2 Climate Change and Himalayan Mountains
The impact of climate change can be best studied in regions which experience stressed climatic conditions such as deserts and high altitude mountainous areas affected by permafrost conditions (e.g. Tibet, Siberia, and Antarctica etc.). Such areas are characterized by arid climate with scanty precipitation and extreme temperature regimes. The evidences of temporal climate variations, reflected in the deposition of sediments, pollen grains, etc. in deserts and changes in the relative concentration of O18 and O16 isotopes in glacier and permafrost ice are likely to be better preserved in these areas rather than in regions characterized by heavy rainfall and moderate temperature regimes. Mountain areas such as the Himalayas, the Alps, the Andes, the Rockies etc., because of their great altitudinal range within short distances and high biodiversity, amplify the effects and exhibit climatic regimes that are similar to those of widely separated latitudinal belts (Liu and Chen 2000; Thompson et al. 2000). Besides this, the river systems in mountainous areas, being a key element of hydrological cycle, show good impacts of the shifts in climate. They also bring about the disruption of existing socio-economic structures of population inhabiting their basins (Beniston et al. 1997).
The climate in the Himalaya exercises a dominant control over the meteorological and hydrological conditions in the Indo-Gangetic plains as majority of rivers derive significant portion of their discharge from seasonal snowmelt and/or melting of Himalayan glaciers. In view of their overall importance in the context of Indian sub-continent, the study of long-term and short-term climate changes in the Himalaya and their perilous impacts on its fragile eco-system assumes importance. Because of the vast spread and large variations in hydro-meteorological conditions in different parts and impracticability of carrying out such work for the entire Himalaya, this paper covers the northwestern portion only, comprising of the states of Jammu and Kashmir and Himachal Pradesh (Fig. 1). This region, besides being influenced by, more or less, similar meteorological conditions, has a significant concentration of glaciers in its river basins, and better network of meteorological stations as compared to the central and eastern Himalaya.

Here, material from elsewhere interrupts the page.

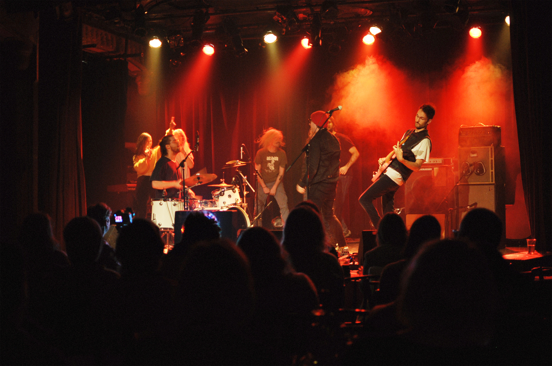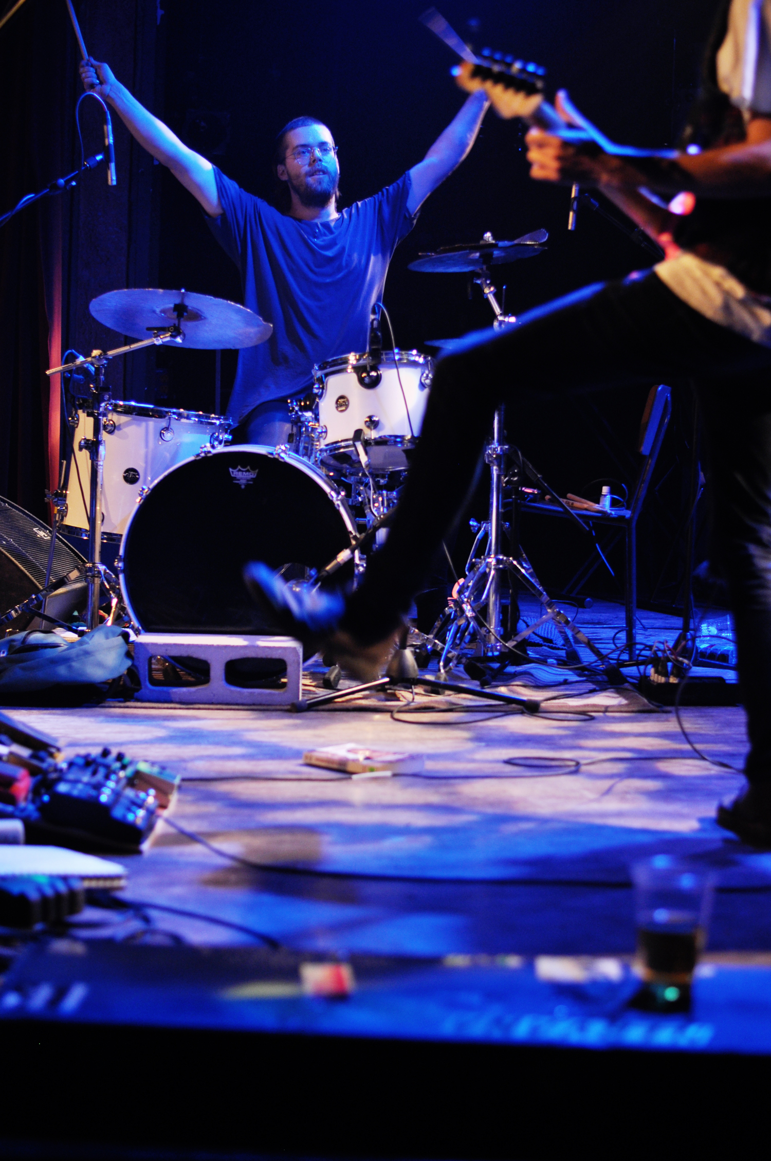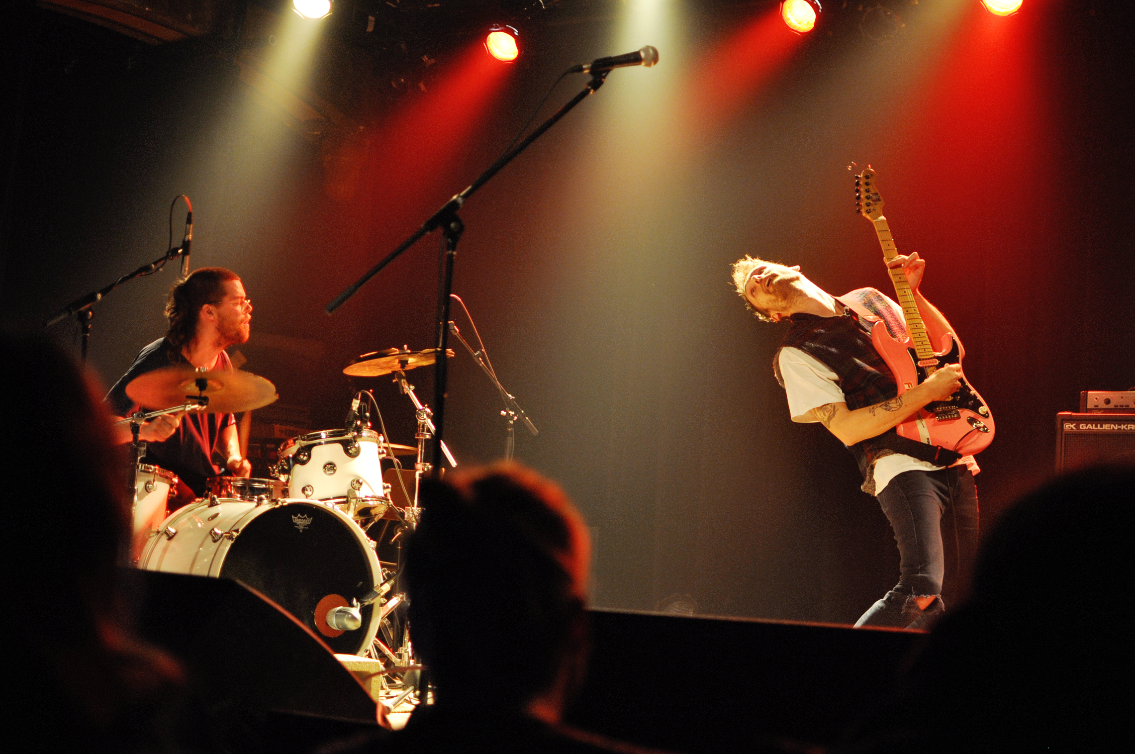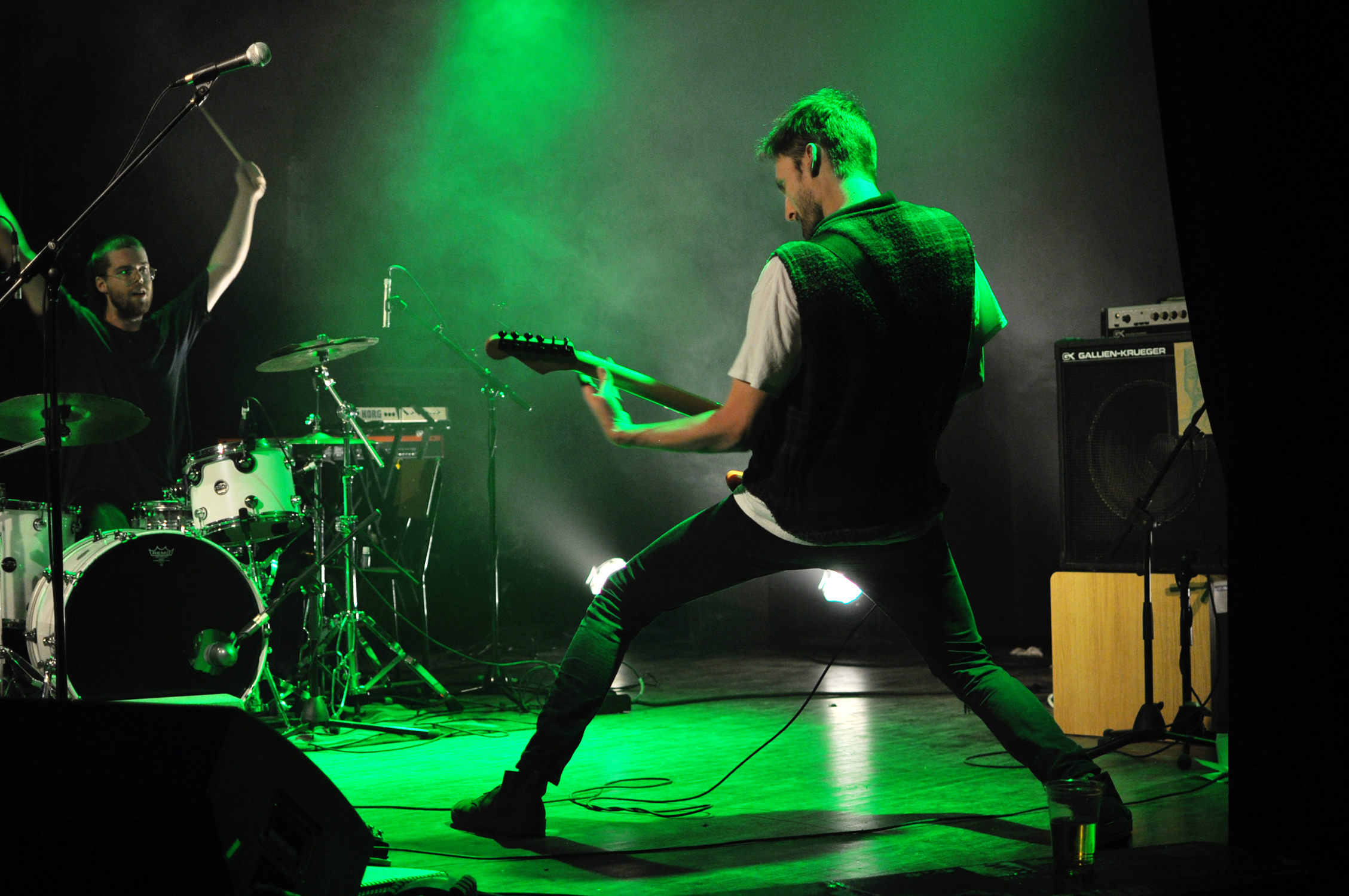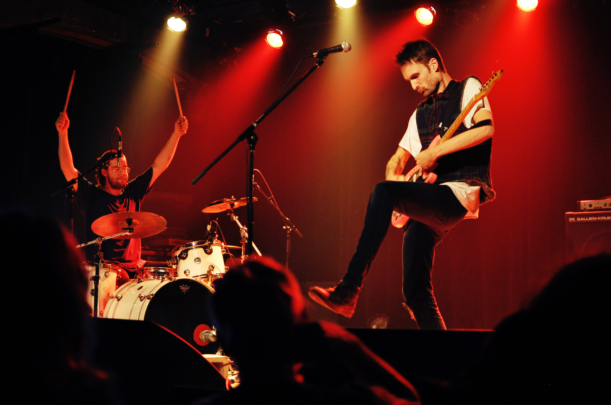 Troisième groupe en lisse : le duo punk-rock Crabe que l’on voit gigoter et sautiller comme des boxeurs en coulisses. La cerise sur le gâteau pour la majeure partie de la salle. Ou du moins la grosse Doc Martens dans la poutine. Composé de Gabriel Lapierre à la batterie, et de Mertin Hoëk à la guitare/chant, Crabe est le groupe qui nous a défoncé les tympans pour la soirée. C’est aussi le groupe qui fait monter des amateurs de hair spinning sur scène le temps d’une chanson puisqu’il est être un peu compliqué de faire du body surfing dans “le monde assis là”.

3 Magnitude of Climate Change in the NW Himalaya
The climate in northwestern Himalaya (NWH) is influenced by the western disturbances during the winter months from October to May and southwest monsoon from July to September. Precipitation during monsoon period is highest in Siwalik and Pirpanjal Ranges and it reduces as one traverses northwards into the Great Himalaya, Zanskar, Ladakh and Karakoram ranges (Rakhecha et al. 1983). Significant variation is also observed in annual winter snowfall due to western disturbances in the NWH as various ranges in the NWH receive different amounts of snowfall ranging from about 100 to >1,600 cm (snow depth). It is maximum in the Pirpanjal Range and decreases as one goes northwards. Because of the variation in the mean air temperature, the changes occur in the percentage of solid precipitation (snowfall) to rainfall, duration of seasonal snowcover, snow settlement (densification) rates and ablation rates in different ranges of the NWH (Mohan Rao et al. 1987; Bhutiyani 1992).
As compared to some studies on high elevation regions round the globe such as by Diaz and Bradley (1997), Beniston et al. (1997), Beniston (2003), Diaz et al. (2003), Rebetez (2004), very few studies have been carried out on the fluctuations in the climate in the Himalayan Mountains, primarily because of inaccessible terrain and inadequate database. Using the instrumental records, a few studies have examined the rainfall and temperature variations in the Nepal Himalaya and the Tibetan Plateau (Li and Tang 1986; Seko and Takahashi 1991; Borgaonkar et al. 1996) and Upper Indus Basin in Karakoram Himalaya (Fowler and archer 2006). Temperature trends at Katmandu in Nepal Himalaya and the Kosi Basin in Central Himalaya have been studied from the point of view of long-term trends (Sharma et al. 2000 ) . The precipitation trends in the western Himalaya and northwestern Himalaya have also been studied in the last century (Borgaonkar et al. 1996; Bhutiyani et al. 2000, 2004, 2007, 2009; Borgaonkar and Pant 2001; Yadav et al. 2004). Based on proxy data of the ice-cores from Tibetan Plateau and tree-ring analyses from the hill regions of Uttaranchal, some authors have attempted to reconstruct the past climatic conditions during the last few centuries (Pant and Borgaonkar 1984; Liu and Chen 2000; Thompson et al. 2000).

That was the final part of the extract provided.